--- Given information ---

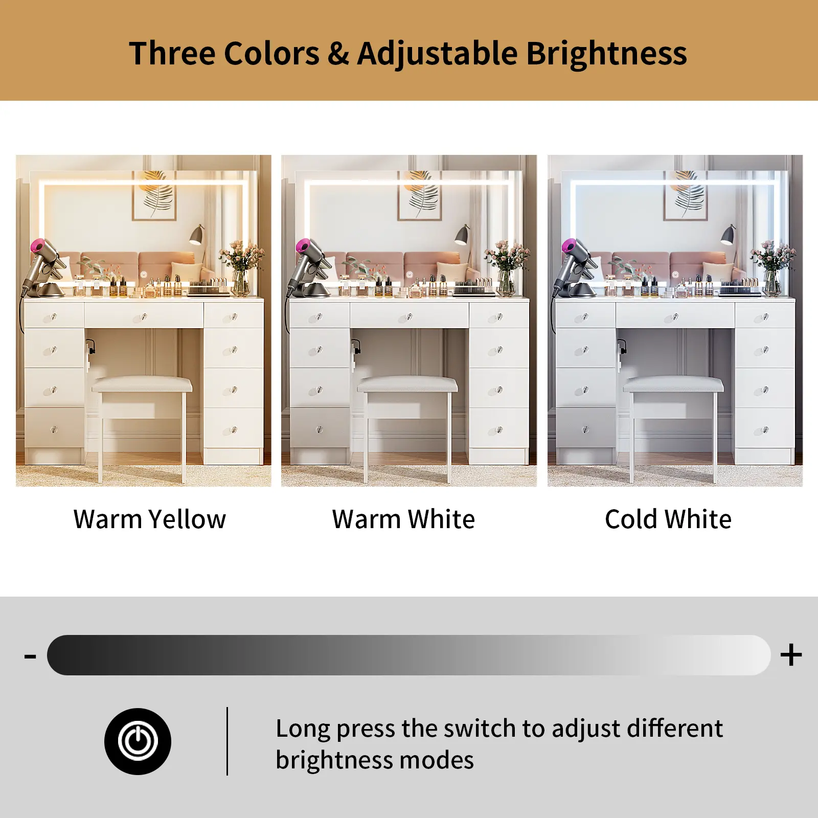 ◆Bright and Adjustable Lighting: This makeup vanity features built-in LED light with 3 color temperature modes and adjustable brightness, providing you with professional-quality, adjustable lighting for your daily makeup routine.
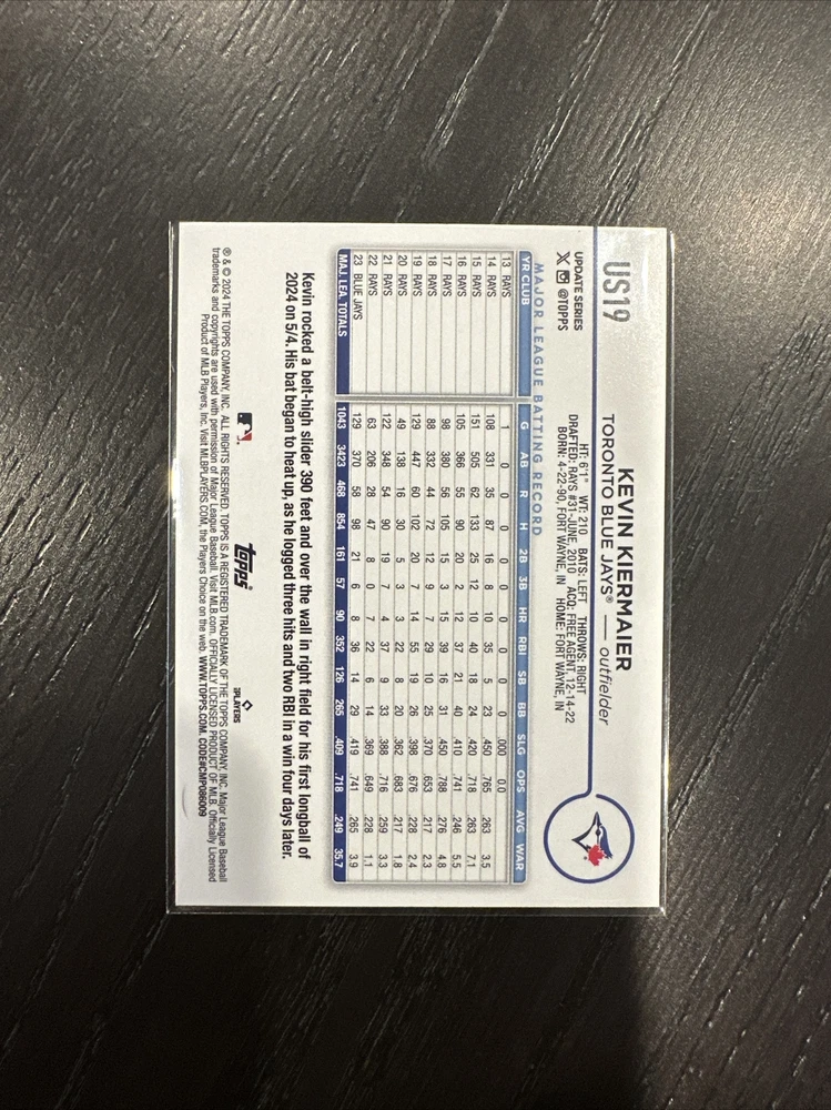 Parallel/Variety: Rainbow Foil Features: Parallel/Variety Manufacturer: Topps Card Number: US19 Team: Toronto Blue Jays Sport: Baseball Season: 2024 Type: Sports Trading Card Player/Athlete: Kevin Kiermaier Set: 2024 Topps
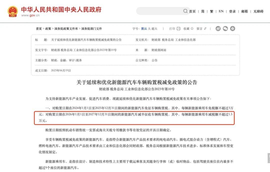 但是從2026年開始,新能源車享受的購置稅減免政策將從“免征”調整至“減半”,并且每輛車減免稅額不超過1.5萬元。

---

» **The task**
Reproduce the data above exactly, leaving out any picture in it.

» **Result of the exercise**
 ◆Bright and Adjustable Lighting: This makeup vanity features built-in LED light with 3 color temperature modes and adjustable brightness, providing you with professional-quality, adjustable lighting for your daily makeup routine.
 Parallel/Variety: Rainbow Foil Features: Parallel/Variety Manufacturer: Topps Card Number: US19 Team: Toronto Blue Jays Sport: Baseball Season: 2024 Type: Sports Trading Card Player/Athlete: Kevin Kiermaier Set: 2024 Topps
 但是從2026年開始,新能源車享受的購置稅減免政策將從“免征”調整至“減半”,并且每輛車減免稅額不超過1.5萬元。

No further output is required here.